Another major aspect of Yom Kippur is forgiveness…both being forgiven yourself and forgiving others. Forgiving becomes both more difficult to do as you get older…and more essential. How long can you carry a grudge before you realize the harm it is doing to yourself? The longer you wait the harder it is to forgive, to move on. And yet it’s also more important. If you wait too long, you may lose the opportunity to reconcile. Who sins more, old people or young people? Hard to say…sin knows no age boundaries. But I find as I get older, and have had experiences that have been emotionally difficult – like losing my Mom – my heart is somewhat more open and I’m more conscious of my flaws. Awareness of one’s mortality also encourages the kind of honest introspection that goes with spiritual growth.

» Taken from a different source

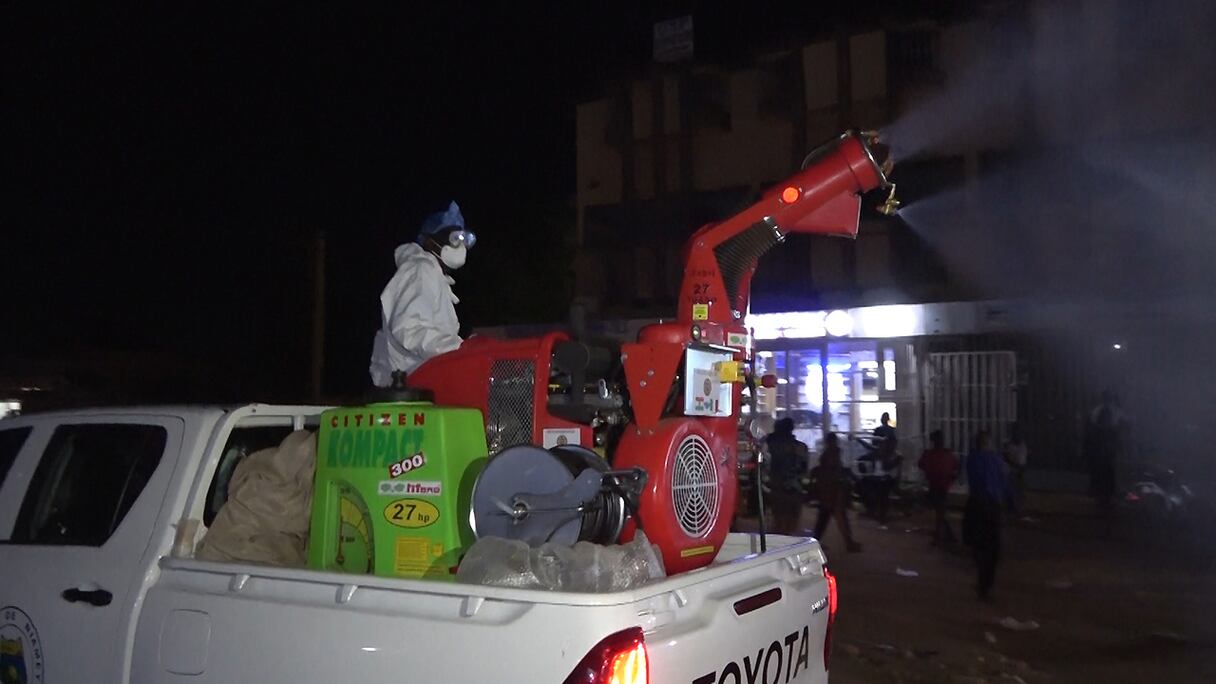 Il est environ 21h30, et c’est une longue soirée qui attend Mourtala Mohamed et son équipe. A bord de leur véhicule de service équipé d’un pulvérisateur, il passeront cette nuit à disperser un pesticide antimoustique à travers Niamey.

I don’t mean to say the holiday is totally lost on the young. I was discussing this with my 16-year-old daughter, who is unusually introspective for someone her age, and she felt the holiday can also have meaning even for teens. They often carry grudges or hate, and need to learn to let it go. But I feel it really takes on much more depth and meaning the older you get.

And that depth and meaning contribute to accumulating “wisdom.” Which is one of the small consolations of aging. From the time you’re about 20 years old, your body is in decline. You’ll never be as fast, as strong, see as sharply, hear as clearly as when you’re 20. But we make up for it, hopefully, by acquiring some wisdom. And wisdom is not acquired just by reading a lot of books. It’s acquired the hard way, by living through the painful experiences that go with life, living through loss, through disappointment, through some “learning experiences” that go with bad decisions, through all of those challenges you have to face to get through life.

All that being said, here in Israel at least, there is one aspect of Yom Kippur that makes it a “kids’ holiday.” I’m not sure why, but on Yom Kippur even Jews who aren’t religious don’t drive. Partly because NOTHING is open, but I think it’s also out of respect for this most awesome and holy day on the Jewish calendar, and respect for their neighbors. And non-Jews don’t drive through Jewish neighborhoods. So the streets are completely devoid of cars. It’s eerie – Jerusalem, a city of over half a million people, so quiet you would think you were out in the country somewhere.

And kids take advantage of the lack of traffic to joyfully ride their bikes and skateboards right in the middle of the street, with no worries about cars. I sort of wish we could have another day a year like that, without the fasting and spending all day in shul. Would be a great day to go for a long distance bike ride on the roads!

 

 

 

Barry Leff

Rabbi Barry (Baruch) Leff is a dual Israeli-American business executive, teacher, speaker and writer who divides his time between Israel and the US.